Retype all of the data word for word, without pictures.

== Segment start ==

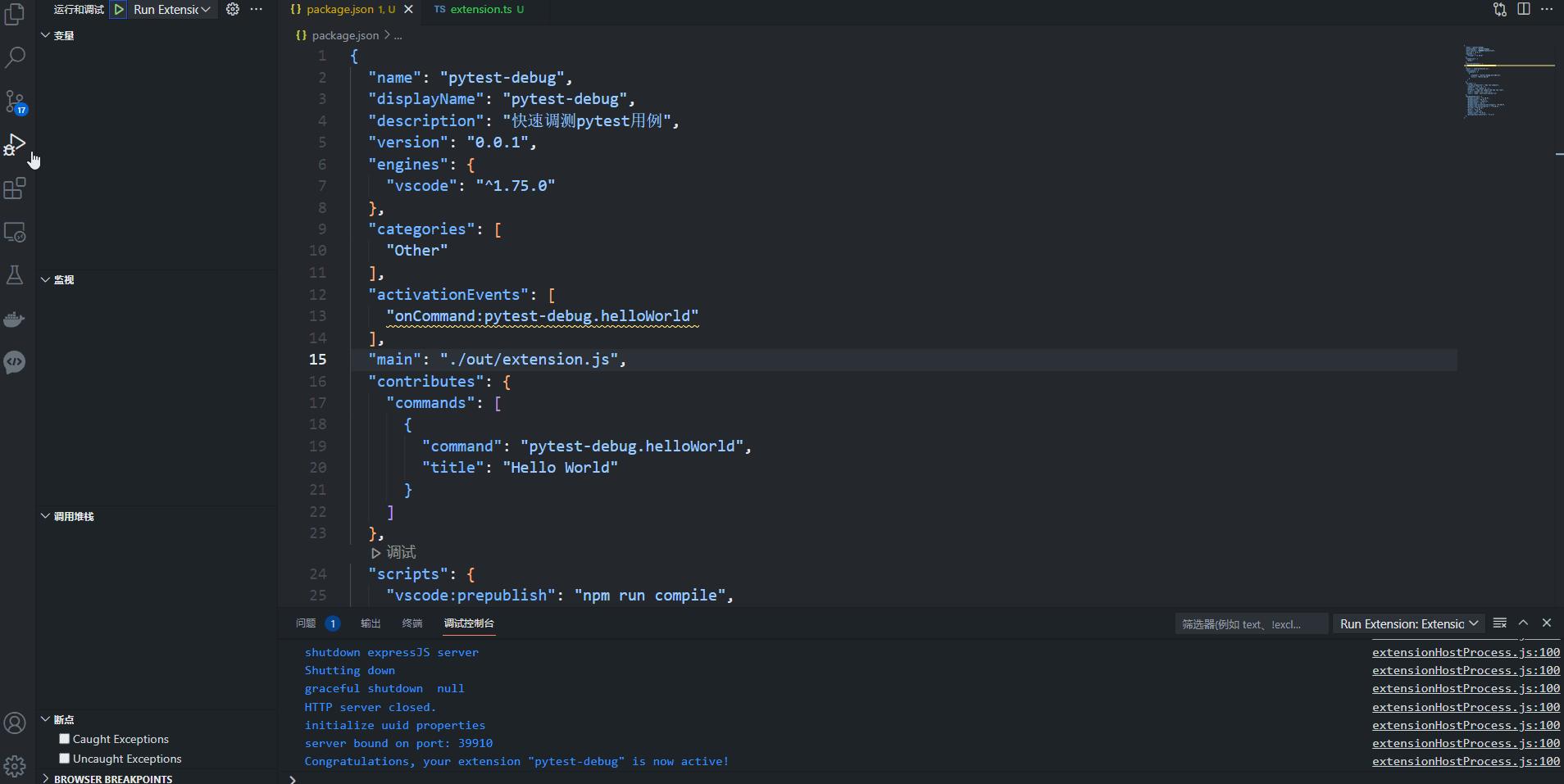 不改动任何代码,先调试一下插件,左侧导航栏进入运行与调测,点击运行会新打开一个新的VS Code窗口,Ctrl+Shift+P组合键打开命令面板,输入Hello World命令执行后,右下角会弹出一段消息框“Hello World from pytest-debug!”,这就是extension.ts中定义的回调方法中运行的代码。
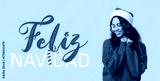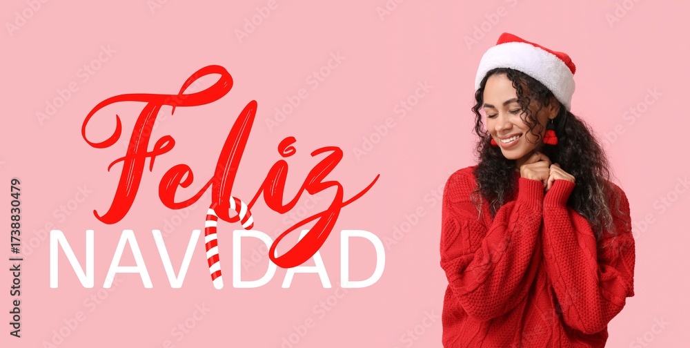 Young African-American woman in Santa hat and text FELIZ NAVIDAD (Spanish for Merry Christmas) on pink background
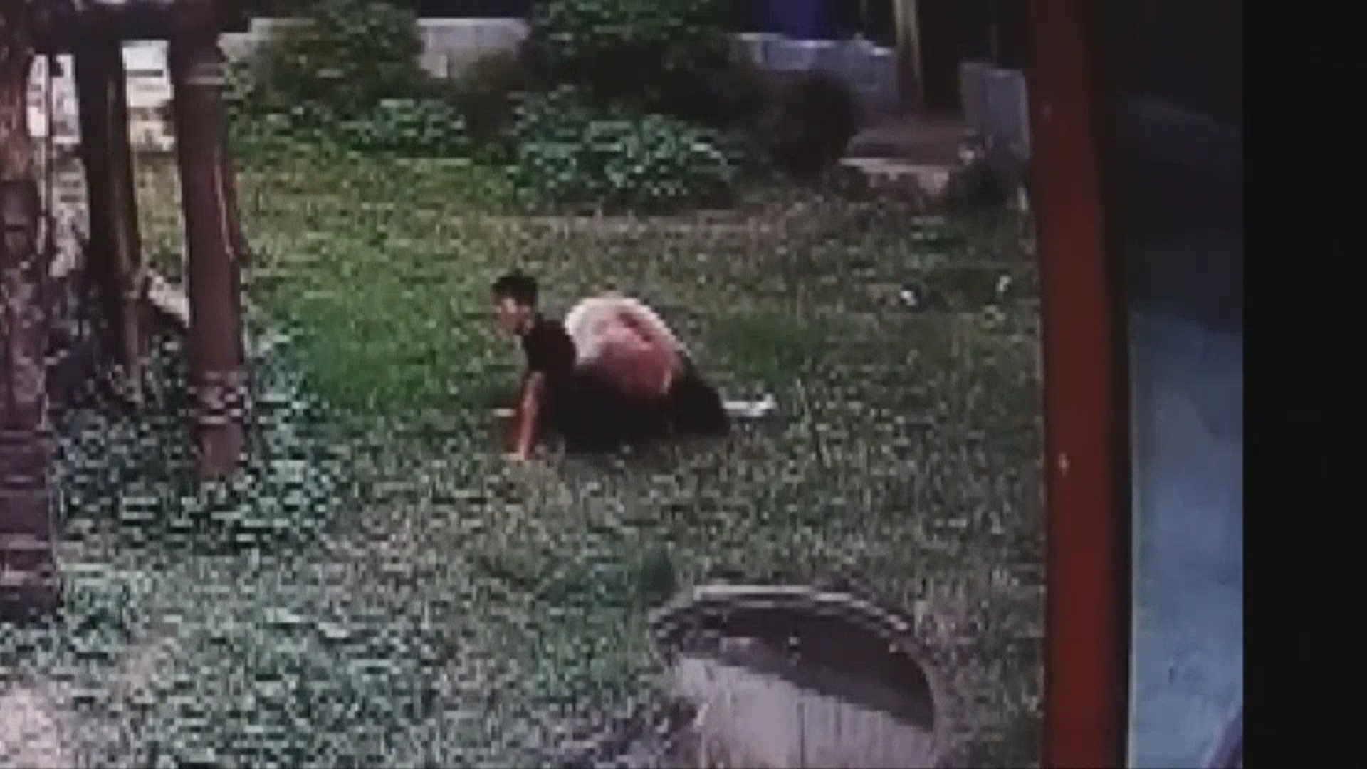 Security cameras captured the young man break into a pen at a zoo in Nanchang City and attempt to touch the sleeping 12-year-old panda on the head.
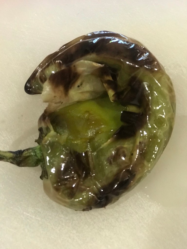 Roast on gas grill set to high. Turning so the are equally charred in all sides. If no gas grill, broil on high, but keep an eye on them and turn until charred in all sides. Place in bowl & cover with plate.
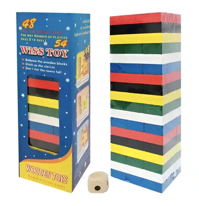 Este juego de mesa Jenga con bloques de colores es una opción emocionante y divertida para disfrutar en familia o con amigos. Con su diseño de torre de madera, reta a los jugadores a poner a prueba su destreza, concentración y pulso firme mientras intentan retirar los bloques sin que la torre se desmorone. Cada movimiento trae un nuevo desafío, garantizando momentos llenos de risas y tensión. Perfecto para cualquier reunión o tarde de juegos, este clásico asegura entretenimiento para todas las edades y niveles de habilidad. Ficha Técnica: Material: Madera Dimensiones de los carros: 20 cm x 6 cm x 6 cm Edad recomendada: + 8 años Certificado de conformidad: SL-CS-210044 Referencia: DM552 ** _Para defectos de fábrica o retractos: \_Por favor revise el producto apenas lo reciba y antes de usarlo. No aplican ley de retracto o defectos de fábrica luego de usar el producto. Se manejan máximo 5 días para reportar defectos de fábrica (por ejemplo, producto funciona mal, piezas faltantes, rotas, etc). Para hacer efectiva la devolución el producto debe devolverse con el empaque original, el cual debe estar en buen estado, incluir todos los documentos y las partes completas y sin daños.
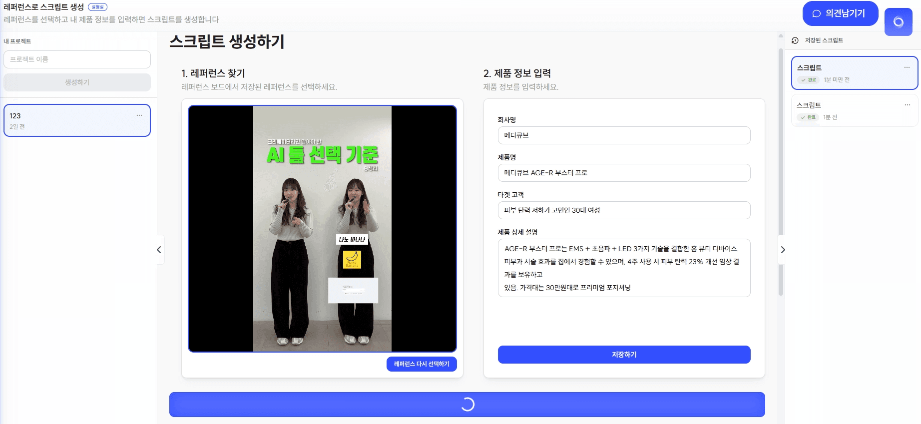 보드에 저장했던 레퍼런스 중 스크립트가 마음에 드는 레퍼런스를 하나 선택합니다.우측의 ‘제품 정보 입력’ 창에
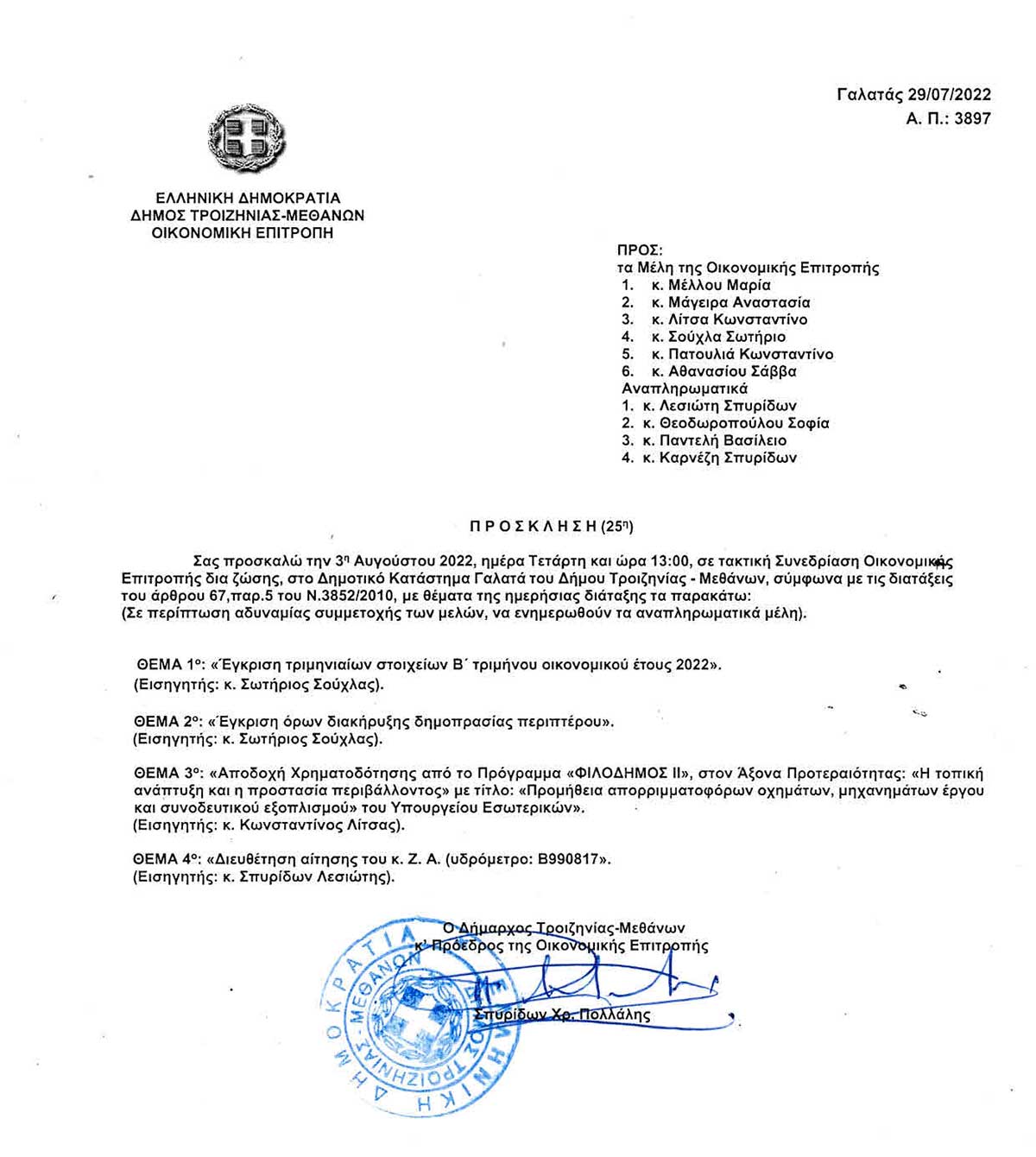 25η Τακτική Συνεδρίαση, Τετάρτη 3 Αυγούστου 2022
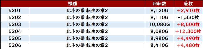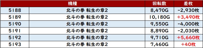 まずは「北斗転生2」が3箇所で優秀な結果を残す!
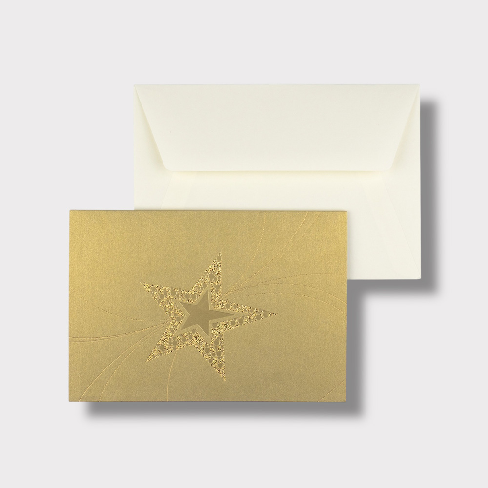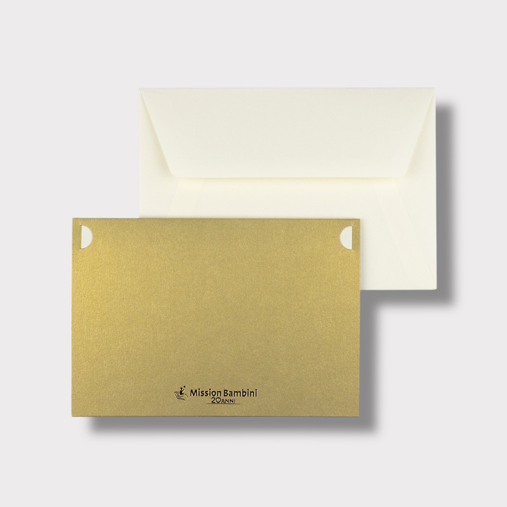 Biglietto augurale in cartoncino metallizzato oro con decorazioni color oro e glitter. All’interno troverai un inserto di carta color avorio da assicurare alle apposite alette su cui potrai scrivere i tuoi migliori auguri e una busta bianca nella quale inserire il biglietto.
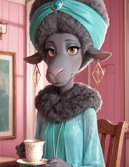 NanaNoodleman, anthro, sheep, female, elderly, grey hair, brown eyes,
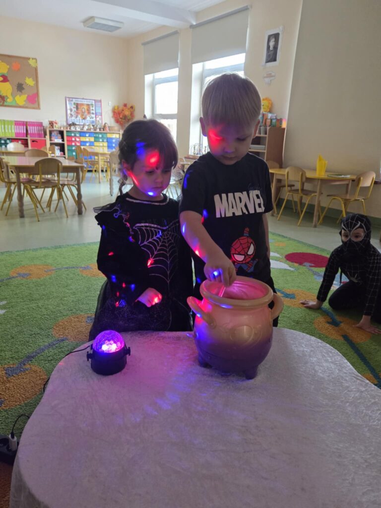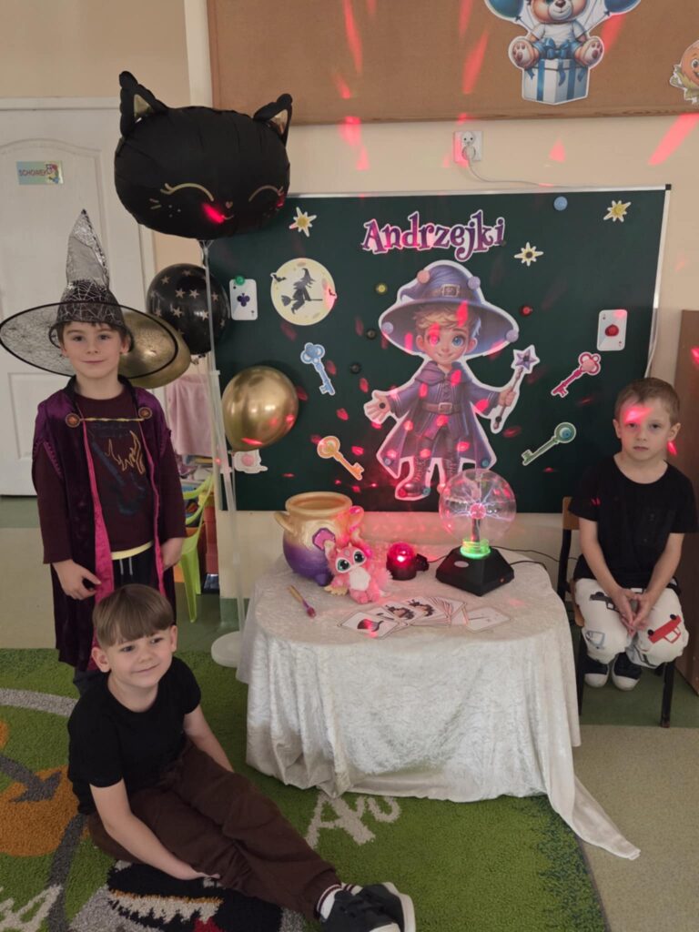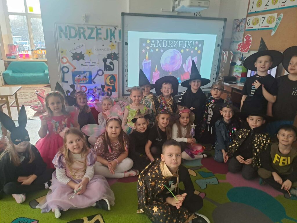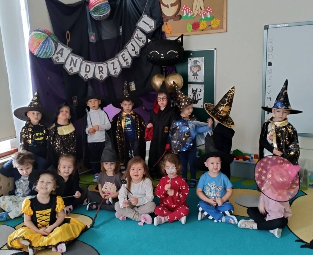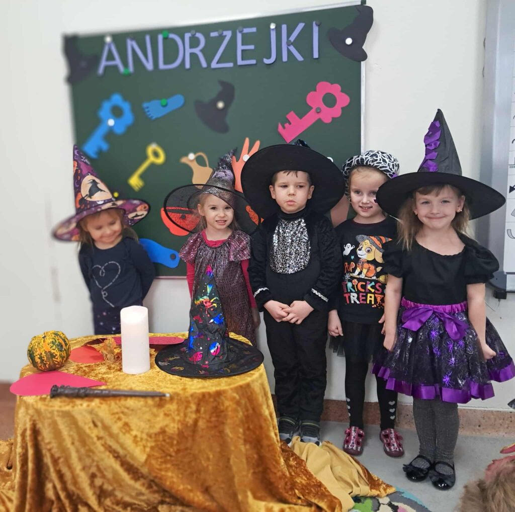 8 listopada sale przedszkolne zamieniły się w magiczne miejsca wróżb i przepowiedni. Kolorowe światła, niecodzienna dekoracja wprowadziły nastrój tajemniczości i wyjątkowości. Dzieci poznały tradycje ludowe i najbardziej znane wróżby andrzejkowe. Podczas wróżb poznały imię swojej przyszłej sympatii. Nie zabrakło również przelewania wosku przez klucz oraz ustawiania butów w kierunku drzwi. Przedszkolaki bawiły się przy największych dziecięcych przebojach. Dzień ten dostarczył przedszkolakom wielu przeżyć i emocji, a przede wszystkim stał się okazją do rozbudzenia dziecięcej ciekawości oraz chęci poznawania naszej ludowej tradycji.
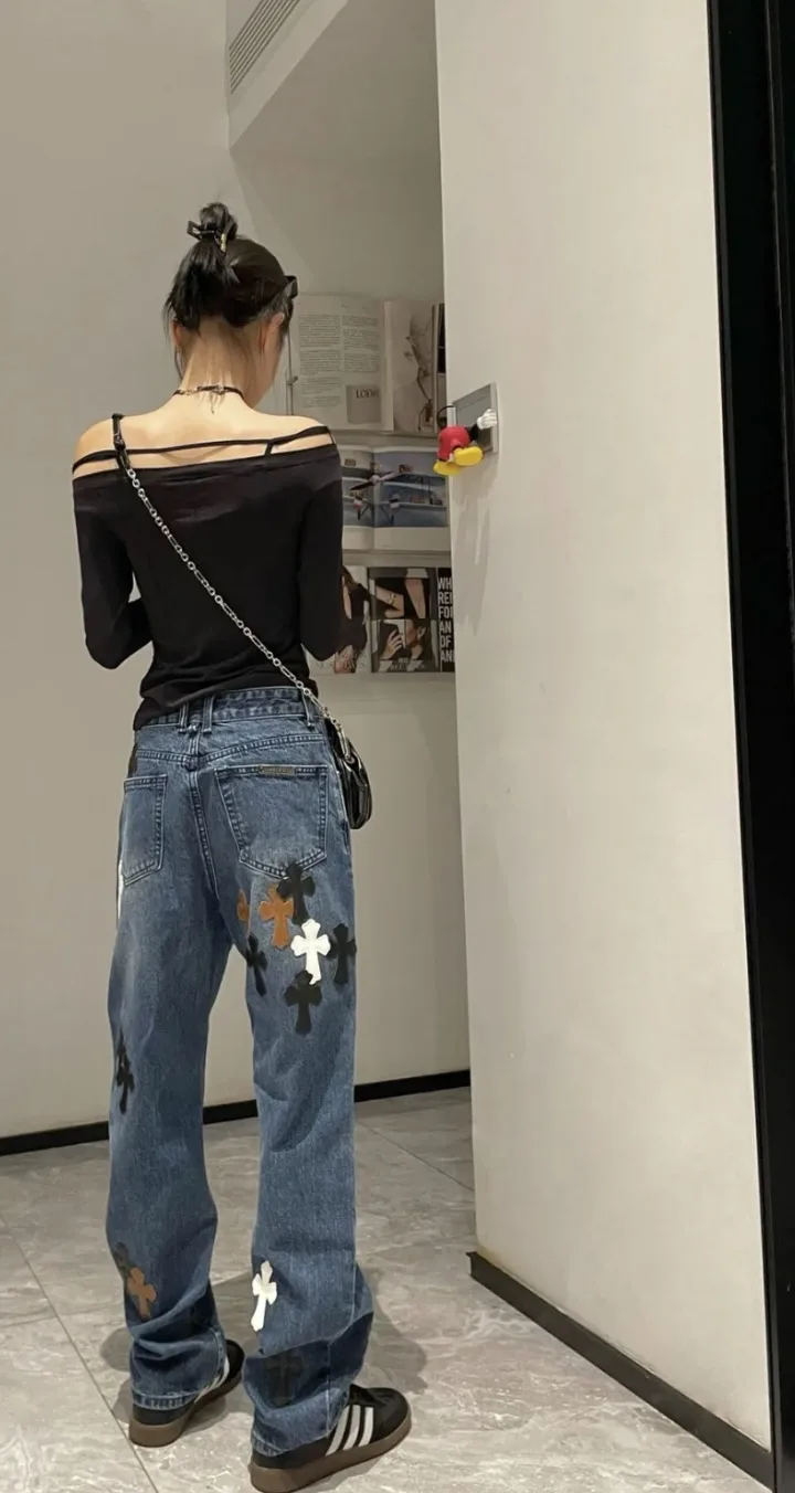 Alle Chrome Hearts Jeans werden gewaschen, anschließend zerlegt und von Hand mit Schafsleder-Kreuzhaut zusammengefügt. Der Prozess ist unerschöpflich. Die Qualität ist da, und die Schönheit ist alles.

== Segment end ==

Reply:
 不改动任何代码,先调试一下插件,左侧导航栏进入运行与调测,点击运行会新打开一个新的VS Code窗口,Ctrl+Shift+P组合键打开命令面板,输入Hello World命令执行后,右下角会弹出一段消息框“Hello World from pytest-debug!”,这就是extension.ts中定义的回调方法中运行的代码。
 Young African-American woman in Santa hat and text FELIZ NAVIDAD (Spanish for Merry Christmas) on pink background
 Security cameras captured the young man break into a pen at a zoo in Nanchang City and attempt to touch the sleeping 12-year-old panda on the head.
 Roast on gas grill set to high. Turning so the are equally charred in all sides. If no gas grill, broil on high, but keep an eye on them and turn until charred in all sides. Place in bowl & cover with plate.
 Este juego de mesa Jenga con bloques de colores es una opción emocionante y divertida para disfrutar en familia o con amigos. Con su diseño de torre de madera, reta a los jugadores a poner a prueba su destreza, concentración y pulso firme mientras intentan retirar los bloques sin que la torre se desmorone. Cada movimiento trae un nuevo desafío, garantizando momentos llenos de risas y tensión. Perfecto para cualquier reunión o tarde de juegos, este clásico asegura entretenimiento para todas las edades y niveles de habilidad. Ficha Técnica: Material: Madera Dimensiones de los carros: 20 cm x 6 cm x 6 cm Edad recomendada: + 8 años Certificado de conformidad: SL-CS-210044 Referencia: DM552 ** _Para defectos de fábrica o retractos: \_Por favor revise el producto apenas lo reciba y antes de usarlo. No aplican ley de retracto o defectos de fábrica luego de usar el producto. Se manejan máximo 5 días para reportar defectos de fábrica (por ejemplo, producto funciona mal, piezas faltantes, rotas, etc). Para hacer efectiva la devolución el producto debe devolverse con el empaque original, el cual debe estar en buen estado, incluir todos los documentos y las partes completas y sin daños.
 보드에 저장했던 레퍼런스 중 스크립트가 마음에 드는 레퍼런스를 하나 선택합니다.우측의 ‘제품 정보 입력’ 창에
 25η Τακτική Συνεδρίαση, Τετάρτη 3 Αυγούστου 2022
 まずは「北斗転生2」が3箇所で優秀な結果を残す!
 Biglietto augurale in cartoncino metallizzato oro con decorazioni color oro e glitter. All’interno troverai un inserto di carta color avorio da assicurare alle apposite alette su cui potrai scrivere i tuoi migliori auguri e una busta bianca nella quale inserire il biglietto.
 NanaNoodleman, anthro, sheep, female, elderly, grey hair, brown eyes,
 8 listopada sale przedszkolne zamieniły się w magiczne miejsca wróżb i przepowiedni. Kolorowe światła, niecodzienna dekoracja wprowadziły nastrój tajemniczości i wyjątkowości. Dzieci poznały tradycje ludowe i najbardziej znane wróżby andrzejkowe. Podczas wróżb poznały imię swojej przyszłej sympatii. Nie zabrakło również przelewania wosku przez klucz oraz ustawiania butów w kierunku drzwi. Przedszkolaki bawiły się przy największych dziecięcych przebojach. Dzień ten dostarczył przedszkolakom wielu przeżyć i emocji, a przede wszystkim stał się okazją do rozbudzenia dziecięcej ciekawości oraz chęci poznawania naszej ludowej tradycji.
 Alle Chrome Hearts Jeans werden gewaschen, anschließend zerlegt und von Hand mit Schafsleder-Kreuzhaut zusammengefügt. Der Prozess ist unerschöpflich. Die Qualität ist da, und die Schönheit ist alles.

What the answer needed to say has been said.